## Exercise goal
Copying exactly, give the lines in the material below from the one with "Movimientos en mares" to the one with "이찬원은 '사랑과 전쟁'에", ends included, and nothing besides.

## Records provided
────────
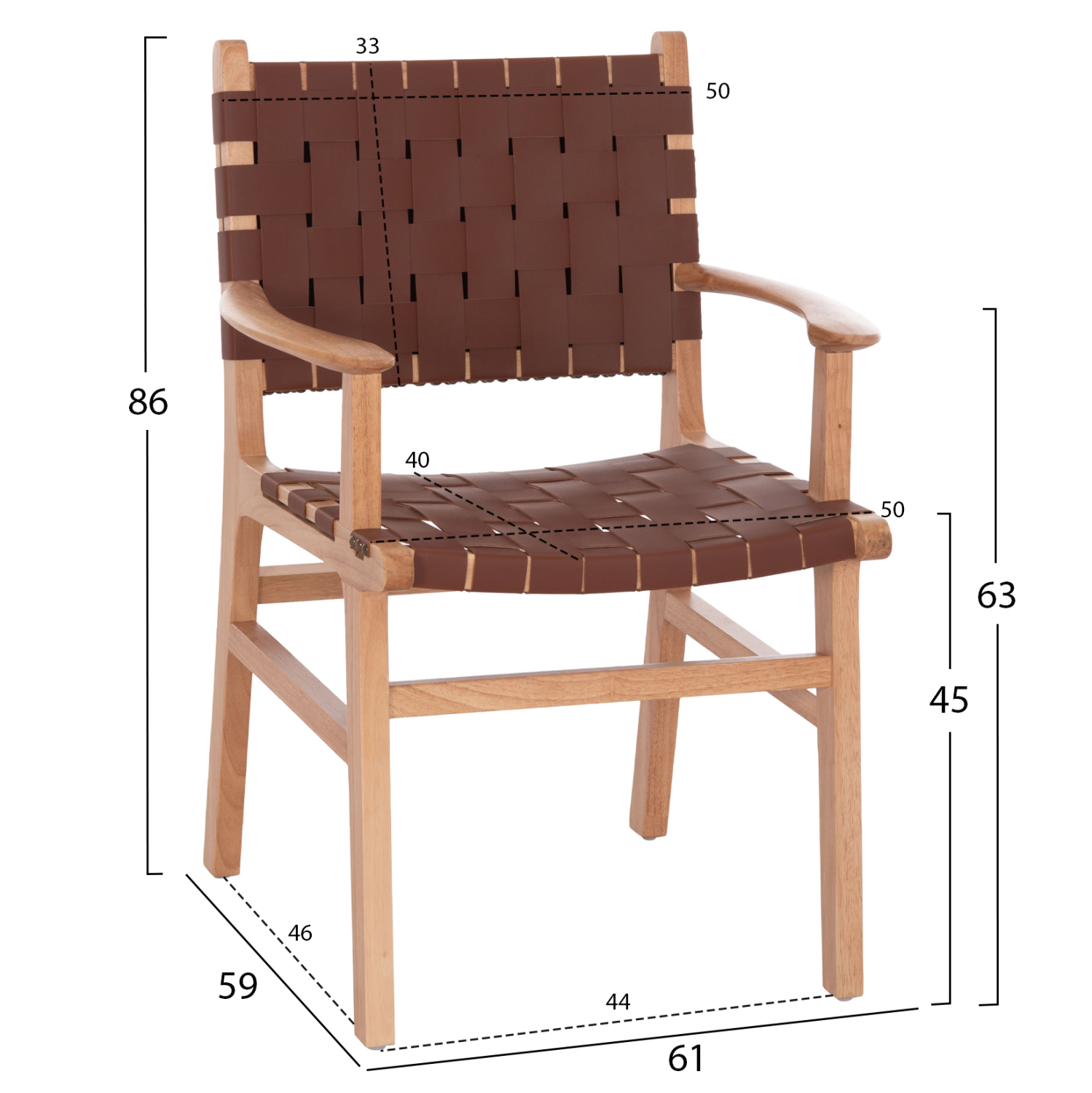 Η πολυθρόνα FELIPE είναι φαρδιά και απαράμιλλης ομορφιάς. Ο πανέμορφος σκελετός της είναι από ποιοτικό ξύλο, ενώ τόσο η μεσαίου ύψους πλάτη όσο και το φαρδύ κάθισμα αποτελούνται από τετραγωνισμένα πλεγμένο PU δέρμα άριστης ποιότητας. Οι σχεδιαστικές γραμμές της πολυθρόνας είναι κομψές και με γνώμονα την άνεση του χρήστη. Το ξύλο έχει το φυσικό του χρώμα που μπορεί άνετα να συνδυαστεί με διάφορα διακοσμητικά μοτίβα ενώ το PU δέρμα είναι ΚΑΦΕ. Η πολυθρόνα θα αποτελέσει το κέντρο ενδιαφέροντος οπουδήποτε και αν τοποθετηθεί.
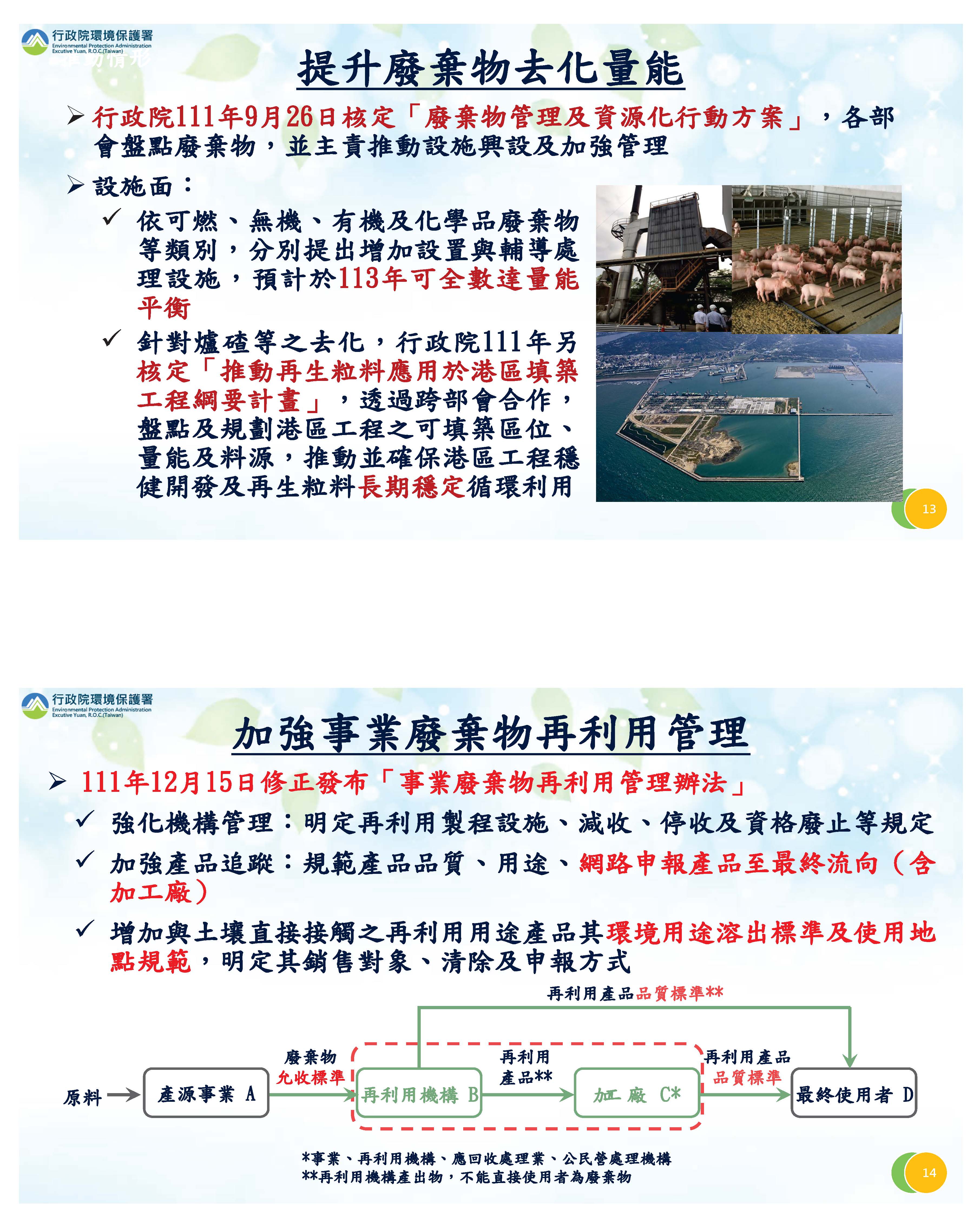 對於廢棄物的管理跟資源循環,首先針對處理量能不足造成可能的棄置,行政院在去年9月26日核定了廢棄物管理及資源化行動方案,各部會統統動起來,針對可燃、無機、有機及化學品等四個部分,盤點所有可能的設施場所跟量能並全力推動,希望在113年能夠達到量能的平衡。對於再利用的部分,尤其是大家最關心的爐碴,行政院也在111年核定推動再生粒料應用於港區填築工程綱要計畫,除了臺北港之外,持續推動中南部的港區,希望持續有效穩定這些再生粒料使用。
────────
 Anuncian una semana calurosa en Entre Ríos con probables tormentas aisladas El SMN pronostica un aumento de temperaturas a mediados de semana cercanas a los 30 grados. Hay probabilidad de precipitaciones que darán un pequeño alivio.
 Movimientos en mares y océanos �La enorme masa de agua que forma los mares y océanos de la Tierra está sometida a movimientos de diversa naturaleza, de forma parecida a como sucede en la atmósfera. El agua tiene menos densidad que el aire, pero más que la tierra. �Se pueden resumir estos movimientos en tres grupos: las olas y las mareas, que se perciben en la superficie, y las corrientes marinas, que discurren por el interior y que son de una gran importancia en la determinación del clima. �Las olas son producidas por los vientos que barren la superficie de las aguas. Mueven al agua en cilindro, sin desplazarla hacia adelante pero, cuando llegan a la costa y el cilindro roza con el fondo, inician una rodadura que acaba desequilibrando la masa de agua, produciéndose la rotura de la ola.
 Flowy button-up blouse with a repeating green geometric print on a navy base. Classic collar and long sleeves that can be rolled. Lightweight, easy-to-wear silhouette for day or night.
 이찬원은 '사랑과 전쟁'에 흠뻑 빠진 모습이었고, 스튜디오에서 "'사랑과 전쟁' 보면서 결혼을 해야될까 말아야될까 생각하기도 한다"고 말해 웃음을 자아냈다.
────────
## Task result
 Movimientos en mares y océanos �La enorme masa de agua que forma los mares y océanos de la Tierra está sometida a movimientos de diversa naturaleza, de forma parecida a como sucede en la atmósfera. El agua tiene menos densidad que el aire, pero más que la tierra. �Se pueden resumir estos movimientos en tres grupos: las olas y las mareas, que se perciben en la superficie, y las corrientes marinas, que discurren por el interior y que son de una gran importancia en la determinación del clima. �Las olas son producidas por los vientos que barren la superficie de las aguas. Mueven al agua en cilindro, sin desplazarla hacia adelante pero, cuando llegan a la costa y el cilindro roza con el fondo, inician una rodadura que acaba desequilibrando la masa de agua, produciéndose la rotura de la ola.
 Flowy button-up blouse with a repeating green geometric print on a navy base. Classic collar and long sleeves that can be rolled. Lightweight, easy-to-wear silhouette for day or night.
 이찬원은 '사랑과 전쟁'에 흠뻑 빠진 모습이었고, 스튜디오에서 "'사랑과 전쟁' 보면서 결혼을 해야될까 말아야될까 생각하기도 한다"고 말해 웃음을 자아냈다.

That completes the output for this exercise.